If, by the way, you're listening to this and you feel like, “Ah, I don't have anything like this to tell, and I guess that's good for me in terms of my life, but it's bad for me in terms of my personal statement,”—don't worry. Don't think like that. This writer had to construct her story out of that material of her life, and you also have material in your life, and you can use that to construct your own story.
Okay. The writer goes on, “Although I couldn't have articulated this at the time, that Tarte Tatin helped me understand how my rigidity had prevented me from coping with an unexpected challenge.” Here's the money moment: “My recipe for success hadn't panned out, but that didn't mean all was lost.” There's some nice wordplay there right on “panned out,” but what's really good about this line is she's tying everything together with a nice thematic bow. She had already told us that she had a recipe for success in life, and now she is connecting it with the literal recipe for Tarte Tatin, both of which she had to improvise.

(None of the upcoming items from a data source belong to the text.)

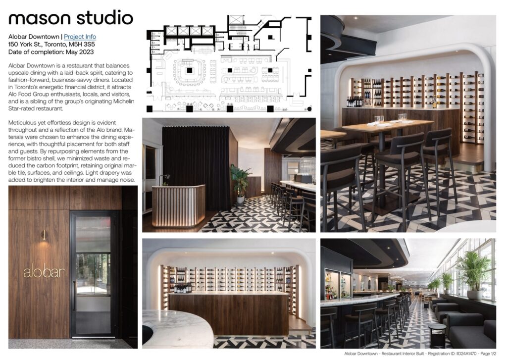 A world-class restaurant in its food, hospitality, & interior design, Alobar Downtown balances an upscale experience with a laid-back spirit. Part of a Michelin Star restaurant group, Alo Food Group, the space is designed for a fashion-forward, business-savvy diner with a keen knowledge of cuisine and libations. In the heart of Toronto’s energetic financial district, Alobar Downtown invites enthusiasts, locals from the area, and visitors to the city looking for a destination spot.
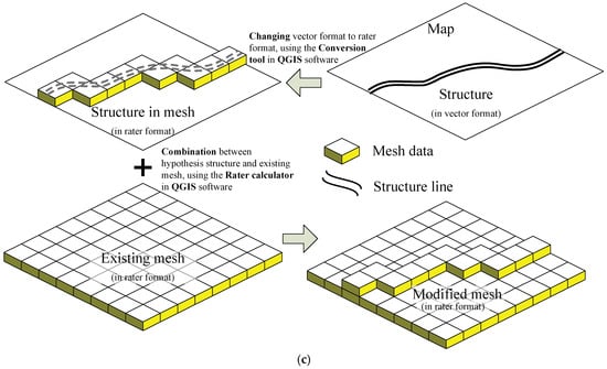 Bathymetry data to compute tsunami propagation and inundation. (a) The largest modeling domain with a 1215 m grid size. The black boxes represent the grid for smaller domains; (b) The ratios of different grid sizes; (c) The method of inserting the hypothesized infrastructure into the existing mesh.
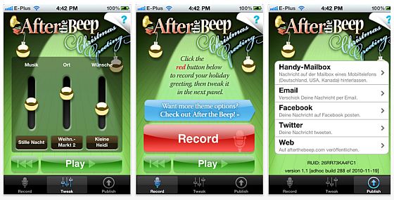 After the Beep Christmas Edition IconAuf bunten Pappkarten verschickte Weihnachtsgrüße – das gehörte bisher zum guten Ton – und bei vielen wird es auch so bleiben. iPhone Besitzer können nun eine neue Möglichkeit nutzen: Wer auf den letzten Drücker noch rasch ein paar persönliche Wünsche zum Fest an alle Verwandten, Freunde oder Bekannte versenden möchte, benötigt nur ein iPhone, einen iPod touch oder ein iPad – und die kostenlose App „Weihnachtsgrüße – After the Beep!„.
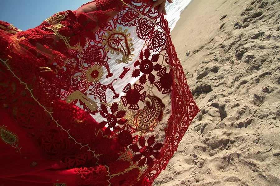 Like every one of us crafters, when faced with a significant celebration, we must create a special item. For me, it was my wedding veil. I chose to wear red on my wedding day to invoke the good luck, happiness, and joy in my distant Chinese heritage and the purity in my Indian heritage. My wedding dress would be an Indian saree and my reception dress would be a Chinese cheongsam.
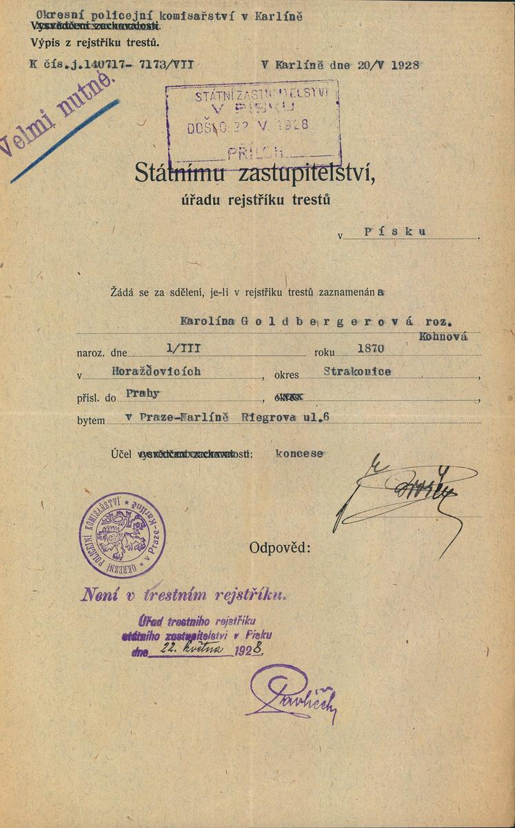 National archives Prague > Police Directorate Prague > 1921-1930 > G > Goldbergerová Karolina
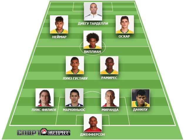 А там несчастного Фреда, ставшего объектом насмешек после чемпионата мира, подменили шустрым (в сравнении с Фредом – уж точно) Диегу Тарделли. В двух товарищеских матчах с Дунгой во главе бразильская сборная действовала, по сути, без нападающего. Тарделли, знакомый российским болельщикам по выступлениям за "Анжи", много перемещался, часто принимал мяч на фланге, освобождая центральную зону для Неймара. Тарделли идеально справлялся с возложенной на него миссией.

All that's really left for the writer to do is clean up. She's brought us to her low point, and now she's given us the turning point. The rest of the essay is there to give us a feeling of resolution. “A week later, I was doing physical therapy. It didn't become easier.” I like that line, because she's not pretending like she was suddenly able to walk again just because she baked a pastry. That's not how life works. She's saying that it was still hard, but it's her attitude that changed.
“The idea that I might be a trial lawyer in a wheelchair,” she writes, “didn't scare me anymore. My struggle to stand up no longer reminded me of who I could have been without Cipro.” This is the part that really gives me chills. I’ve got to read it one more time: “I was working without a plan, and I'd have to discover what I could do. Months later, I boarded the plane back to the US, leaving both my wheelchair and my expectations behind.” What I love about that last sentence is that it's hopeful but open-ended. It doesn't resolve everything perfectly, which again, is true to life. She hasn't solved all of her problems yet, but she's made a start, and that's why we can look at the essay and say something changed. She was in despair, and by the end, she's longer in despair.
One more nerdy thing that I'll point out: the device that she uses in this last sentence is called a zeugma. “Months later, I boarded a plane back to the U.S., leaving both my wheelchair and my expectations behind.” She's using the word “leaving” in two different senses there. The literal sense of leaving her wheelchair behind and the figurative sense of leaving her expectations behind.